● **What you need to do**
Print exactly the lines that run from the first line of the material to the line containing "きなり、デニム共に細かい編み", both ends included, and skip the pictures.

● **Material provided**
-------------------------

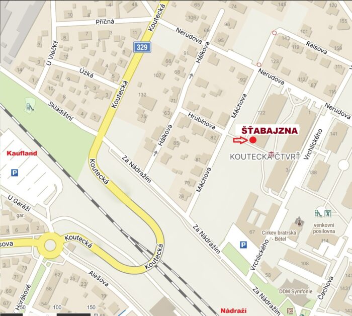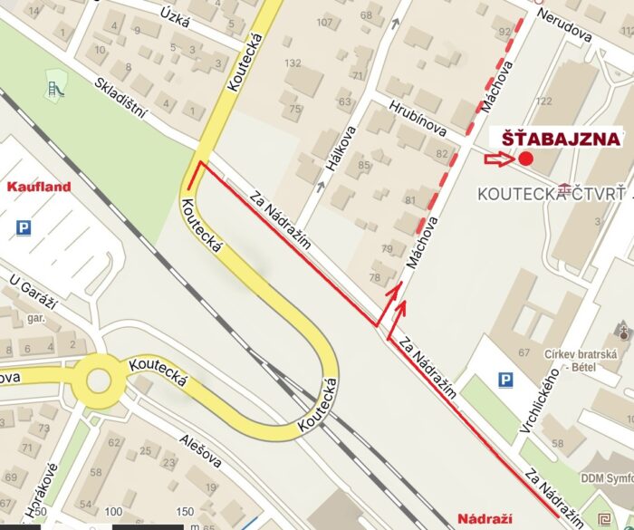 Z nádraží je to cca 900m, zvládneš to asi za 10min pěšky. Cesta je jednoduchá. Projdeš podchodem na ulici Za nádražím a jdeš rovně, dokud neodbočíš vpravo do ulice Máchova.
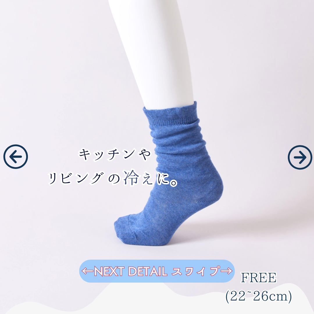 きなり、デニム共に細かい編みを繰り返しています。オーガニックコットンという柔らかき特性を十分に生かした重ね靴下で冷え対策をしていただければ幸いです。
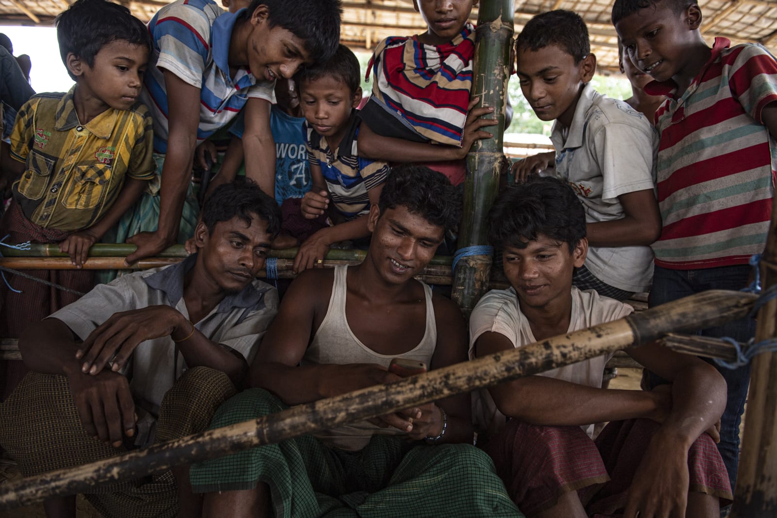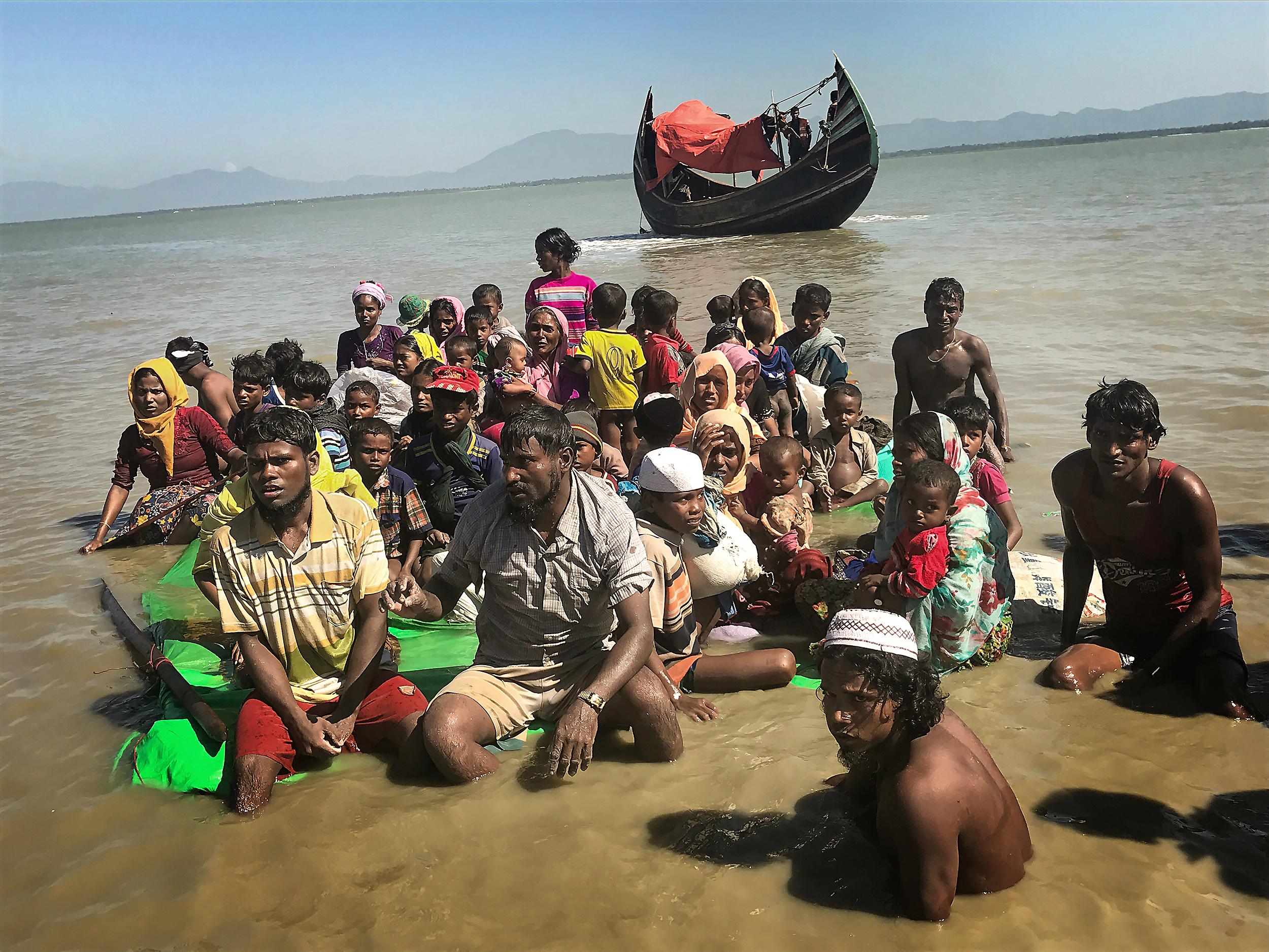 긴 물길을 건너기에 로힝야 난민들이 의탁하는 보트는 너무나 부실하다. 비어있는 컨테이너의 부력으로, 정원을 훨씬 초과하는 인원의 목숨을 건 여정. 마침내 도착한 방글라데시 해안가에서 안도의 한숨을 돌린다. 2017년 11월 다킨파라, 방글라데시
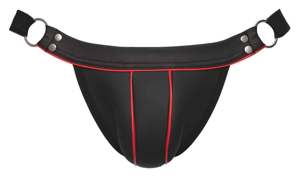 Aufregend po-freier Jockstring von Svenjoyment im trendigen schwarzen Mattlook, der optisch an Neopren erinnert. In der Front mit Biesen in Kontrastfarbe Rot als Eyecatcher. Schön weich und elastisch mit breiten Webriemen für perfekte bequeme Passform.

-------------------------

● **Solution for this exercise**
 Z nádraží je to cca 900m, zvládneš to asi za 10min pěšky. Cesta je jednoduchá. Projdeš podchodem na ulici Za nádražím a jdeš rovně, dokud neodbočíš vpravo do ulice Máchova.
 きなり、デニム共に細かい編みを繰り返しています。オーガニックコットンという柔らかき特性を十分に生かした重ね靴下で冷え対策をしていただければ幸いです。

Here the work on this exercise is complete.